Juneteenth: Supporting Mental Health Equity Every Day

Medically reviewed by Andrea Brant, LMHC
Updated May 15, 2024by BetterHelp Editorial Team

While the Juneteenth holiday comes once a year on June 19th and the surrounding weekend, mental health equity is a year-round cause. Learning more about this foundational holiday and how it illuminates the importance of racial equity in mental healthcare can be key to safeguarding yourself and your community.

Getty/Luis Alvarez

What is Juneteenth?

Juneteenth, officially known as Juneteenth National Independence Day and sometimes Freedom Day or Emancipation Day, is a holiday celebrated on June 19th to honor the emancipation of enslaved people in the United States. The holiday can be traced to Galveston, Texas, where approximately 2,000 troops arrived on June 19th, 1865, and announced the freedom of more than 250,000 enslaved Black people in Texas. 

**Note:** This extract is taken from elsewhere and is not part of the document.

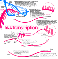 The stretch of DNA transcribed into an RNA molecule is called a transcription unit and encodes at least one gene. If the gene encodes a protein, the transcription produces messenger RNA (mRNA); the mRNA, in turn, serves as a template for the protein's synthesis through translation. Alternatively, the transcribed gene may encode for non-coding RNA such as microRNA, ribosomal RNA (rRNA), transfer RNA (tRNA), or enzymatic RNA molecules called ribozymes.[1] Overall, RNA helps synthesize, regulate, and process proteins; it therefore plays a fundamental role in performing functions within a cell.

Although President Abraham Lincoln signed the Emancipation Proclamation in 1863, many people remain enslaved in places still under Confederate control, including Galveston, Texas. It wasn’t until the end of the Civil War in 1865 that all slaves were freed. However, due to the slow spread of news and the remote locations of some enslaved people, not everyone was immediately freed or aware of Black liberation until later. 

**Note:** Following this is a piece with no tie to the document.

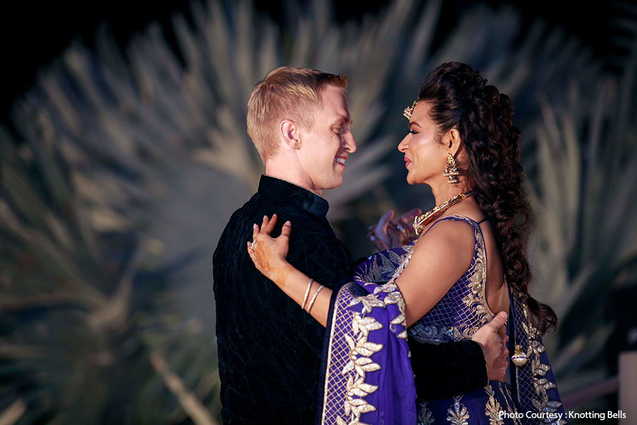 While on the second day of the wedding festivities, Aashka and Brent had a very vibrant and colorful sangeet. The bride wore a gorgeous royal blue lehenga by Archana kochhar and intricate jewellery from ORRA.

In 1980, Texas officially recognized Juneteenth as "Emancipation Day," a statewide holiday. Though many people have celebrated Juneteenth since 1866, many states did not recognize the holiday until President Joe Biden officially declared Juneteenth as a national holiday on June 17th, 2021. 

The national recognition of Juneteenth as a federal holiday follows an emotional and lengthy journey, heightened by the killing of George Floyd in 2020. Celebrators and supporters of the holiday have worked to raise awareness of this seminal summer day and to remind US citizens and international individuals of the day’s historical legacy and meaning. Juneteenth also relates to another event called Black History Month, which strives to celebrate the contributions and acknowledge the sacrifices made by Black and African Americans.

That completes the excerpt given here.